■ **Exercise details**
Look below for the line that contains "工作人員督促企業(yè)調(diào)離", then copy it and each following line to the end of the records, minus any pictures.

(Supplied data Opens)

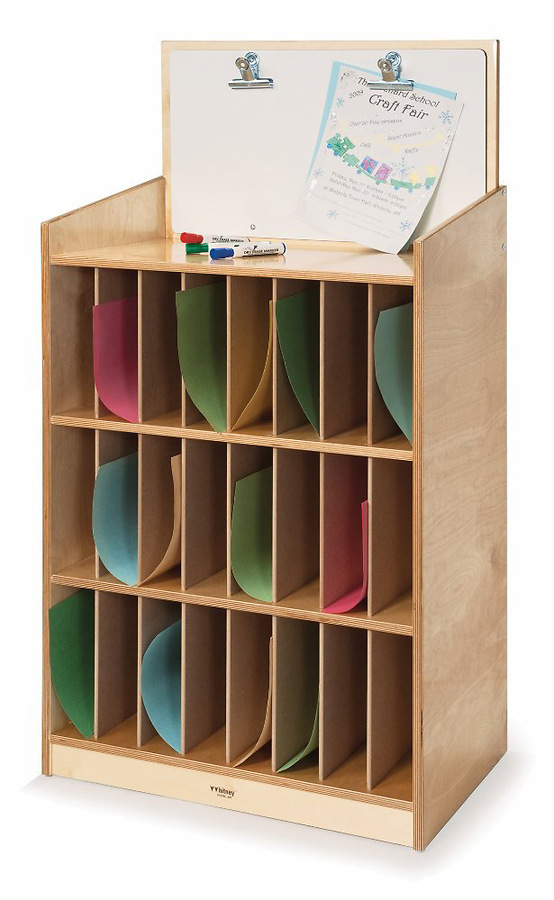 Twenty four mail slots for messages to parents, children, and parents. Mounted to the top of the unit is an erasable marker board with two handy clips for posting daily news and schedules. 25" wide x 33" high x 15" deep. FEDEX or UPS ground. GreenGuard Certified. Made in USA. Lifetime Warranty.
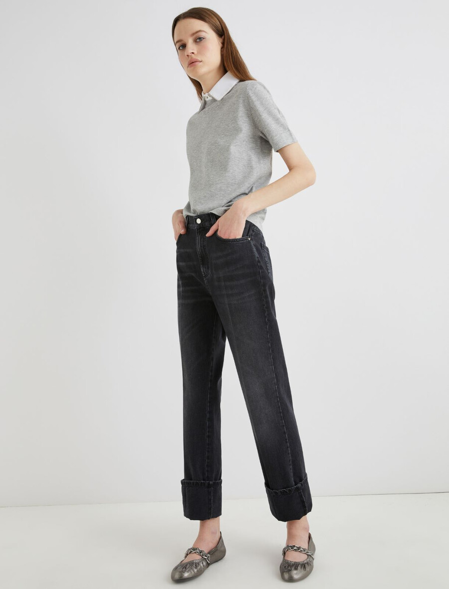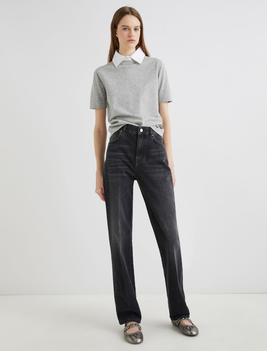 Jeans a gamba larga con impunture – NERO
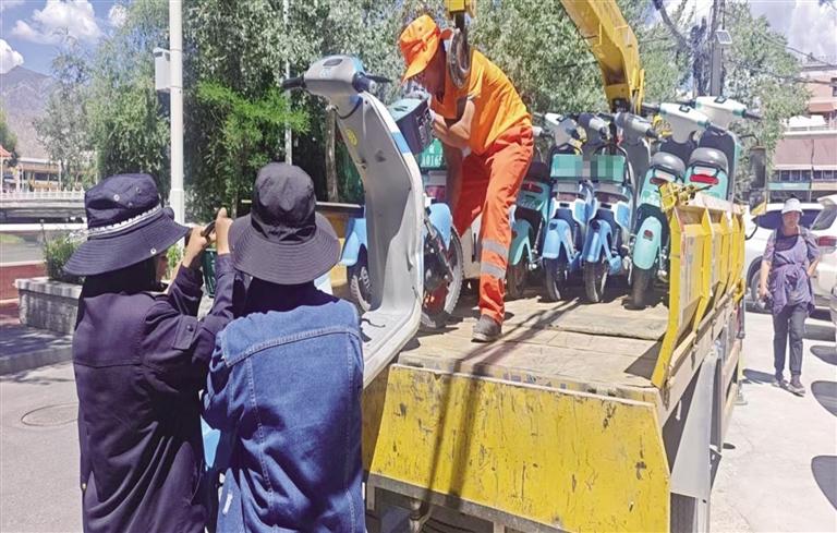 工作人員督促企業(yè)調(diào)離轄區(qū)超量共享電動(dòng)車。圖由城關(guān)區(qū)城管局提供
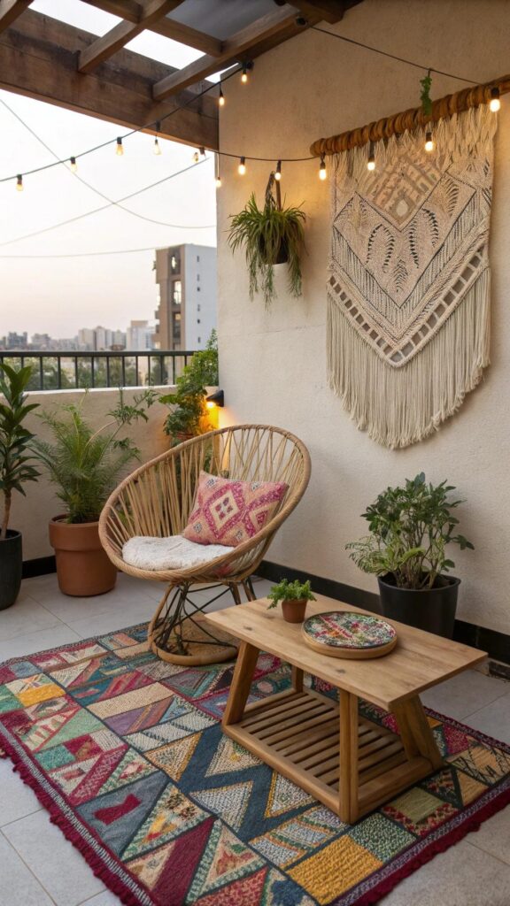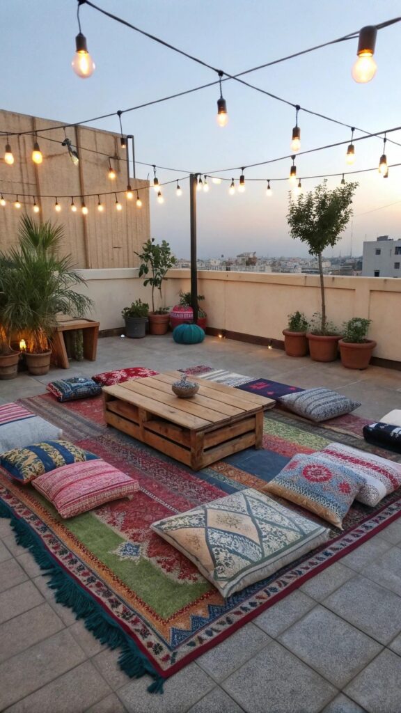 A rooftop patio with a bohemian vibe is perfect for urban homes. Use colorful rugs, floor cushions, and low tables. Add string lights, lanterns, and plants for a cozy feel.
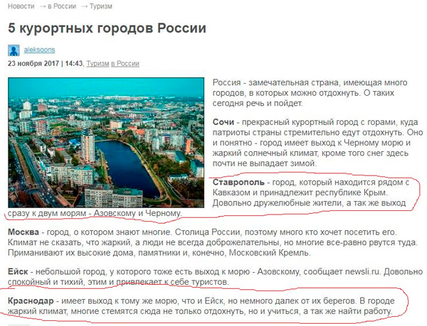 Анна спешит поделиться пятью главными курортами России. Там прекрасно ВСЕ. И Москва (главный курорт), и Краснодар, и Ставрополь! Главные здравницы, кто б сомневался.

(Supplied data Closes)

■ **Final answer**
 工作人員督促企業(yè)調(diào)離轄區(qū)超量共享電動(dòng)車。圖由城關(guān)區(qū)城管局提供
 A rooftop patio with a bohemian vibe is perfect for urban homes. Use colorful rugs, floor cushions, and low tables. Add string lights, lanterns, and plants for a cozy feel.
 Анна спешит поделиться пятью главными курортами России. Там прекрасно ВСЕ. И Москва (главный курорт), и Краснодар, и Ставрополь! Главные здравницы, кто б сомневался.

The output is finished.